Bak İran’da benzin 80 kuruş, suyun litre fiyatı da aynı, mazot 26,
LPG 10... Alayım şu kadara, nakliyesi, vergisi, kârı satayım sana
şu kadara... (Rakam vermiyorum, ne olur ne olmaz, hükümette
olduğumuzda “ama demiştiin” derler, mahçup oluruz, tam
tutturamazsak. Fiyatlarda oynama olur, iki lira yerine iki buçuktan
vermek zorunda kalırız... neme lazım. Söz sözdür çünkü. Seçim
uçurtması değil.)
Devlet de verse ha verse; bak o zaman fışkırmak ne kelime! Sel olup
akacak!
-Efendim bizim köylümüz tembel!
-Efendiim bizim köylümüz hazırlopçu!
Türkiye’yi üretimden vazgeçirme, dışa açılma-küreselleşme
döneminde, kurda yem yapma döneminde hep böyle dediler. 40 kez
söylersek belki tutar dediler. Üretime değil de dönüm başına teşvik
vereyim, al üç kuruş parayı, otur, daha doğrusu oturma, kahveye git
pişpirik oyna, hatta dönümün çoksa, hatta ve hatta bölgen de
“açılım, saçılım” bölgesiyse başka teşvikler de al, o paraları
Kuşadası’ndaki villanda ye dediler... Üretip de ne yapacaksın. O
zaman o al sancağın gibi göklere eren başını eğdiremem
dediler...
Zaten KİT’leri de, gürül gürül çalışan devlet sanayi kuruluşlarını
da yemlik yaptık! Kapatalım gitsin dediler...
Dediler ya...
Oh olsun yine de başaramadılar!
Ta İzmir İktisat günlerinde Mustafa Kemal’in söylediği gibi savaşta
kazandığımız bağımsızlığımızı ekonomiyle taçlandırmaya başlamışız.
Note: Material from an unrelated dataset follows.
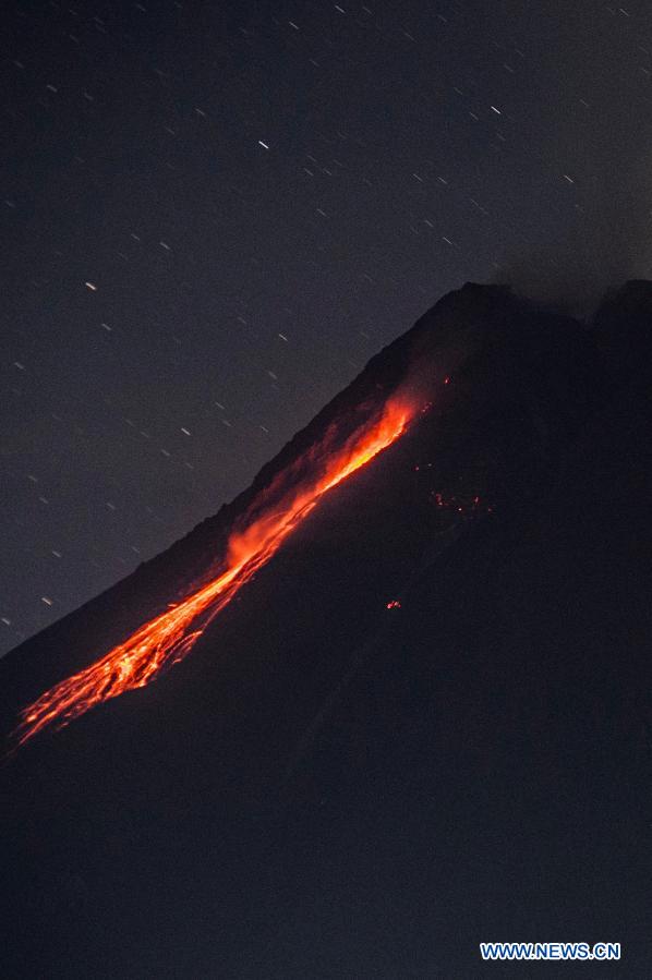 18日、ムラピ山で山肌を流れ落ちる溶岩流。(ジョグジャカルタ=新華社配信)

Vazgeçer miyiz? Bağımsızlığımızdan vazgeçer miyiz. Hür doğmuşuz o
günlerde. Hür yaşamaya alışmışız bir kere... vazgeçer miyiz...
İşte onun için Tacir’de Vatan Partisi’nin Kurultayını yapıyoruz.
Biraz dağ taş aşıyorsunuz ama yolunuzu düşürün ve gidin. Bizim
temsilcilikte de demli bir çay için. Benden! İnanın il binası gibi.
Ha bir de yanında mutlaka size genç kızlarımızın internetten
tariflerle yaptığı ilginç pasta çörek de ikram edeceklerdir. Kışlık
salçanızı, peynirlerinizi de edinirsiniz... Belki o zamana kadar
kooperatif de güncellenir.
BİR DOMATES ÇEKİRDEĞİNDEN
NELER YARATILIR
Temsilcimiz Hamdi Tekdemir kurultay konuşmasının başında
söyledi:
“Köylü her gün üreten, her gün çalışandır. Fabrikadaki işçi de
öyle. Yaşamını devam ettirebilmek için çalışır.”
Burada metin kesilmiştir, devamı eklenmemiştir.